Platelet-activating factor stimulates eicosanoid production in cultured feline tracheal epithelial cells.

Abstract

The effect of platelet-activating factor (PAF) on eicosanoid generation and release in cultured feline tracheal epithelial cells was investigated by measuring a wide range of lipoxygenase and cyclooxygenase pathway products. Subconfluent epithelial cell cultures were stimulated by PAF and eicosanoid production was determined by high performance liquid chromatography (HPLC) of [3H]-labeled arachidonic acid (AA) metabolites and by radioimmunoassay (RIA) following HPLC separation.

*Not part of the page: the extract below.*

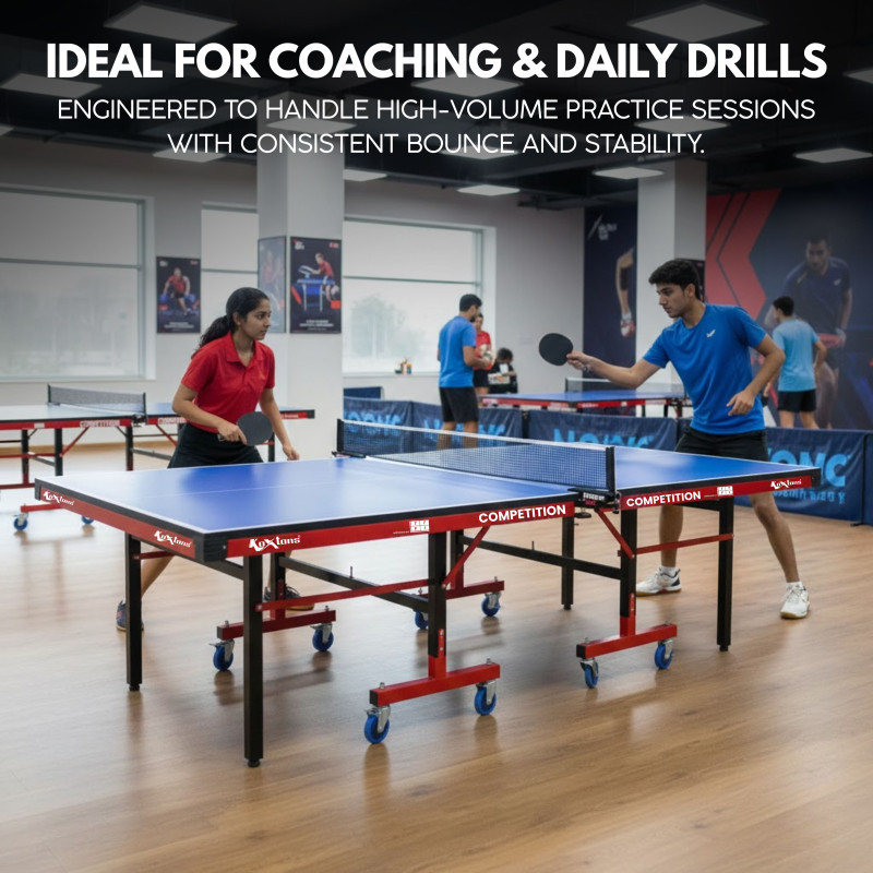 Koxtons TT Table Competition is built for serious gameplay with its robust 25mm tabletop, offering optimal bounce and durability. Whether you’re practicing at home, setting up a sports facility, or upgrading your school’s recreation space, this TT table delivers high performance. It features a solo playback mode, lockable wheels for easy movement, and a foldable design for space-saving storage. Backed by Koxtons’ trusted quality, the table also includes a 14-day return policy and Pan India delivery for a worry-free shopping experience.

The HPLC chromatograms revealed that PAF augmented the release of prostaglandin (PG)E2, PGF2 alpha, 12-hydroxyeicosatetraenoic acid (HETE), and AA. Among these eicosanoids, PGE2 predominated under baseline conditions and following PAF exposure. RIAs of the nonradiolabeled HPLC elution corresponding to various eicosanoid standards demonstrated that PAF increased the production of 6-keto-PGF1 alpha, thromboxane B2 (TXB2), PGD2, 5-HETE, and 15-HETE, as well as PGE2, PGF2 alpha, and 12-HETE. The PAF-induced eicosanoid augmentation was dose-dependent and occurred within 1 hour with a prompt decline following termination of PAF exposure. This stimulating effect of PAF on eicosanoid release was blocked by two PAF receptor antagonists, Ro 19-3704 and WEB 2086. The PAF-induced increase in eicosanoid release was similar in magnitude to the increase caused by calcium ionophore (Ca-ionophore) A23187, a potent known stimulus for eicosanoid release. Cells of different culture durations (3 and 6 days) showed similar capacity for eicosanoid production. We conclude that PAF stimulates the production of cyclooxygenase and lipoxygenase pathway products from airway epithelial cells via PAF receptors, and that these epithelium-derived eicosanoids may be responsible for some of the PAF-induced respiratory physiological and pathophysiological effects.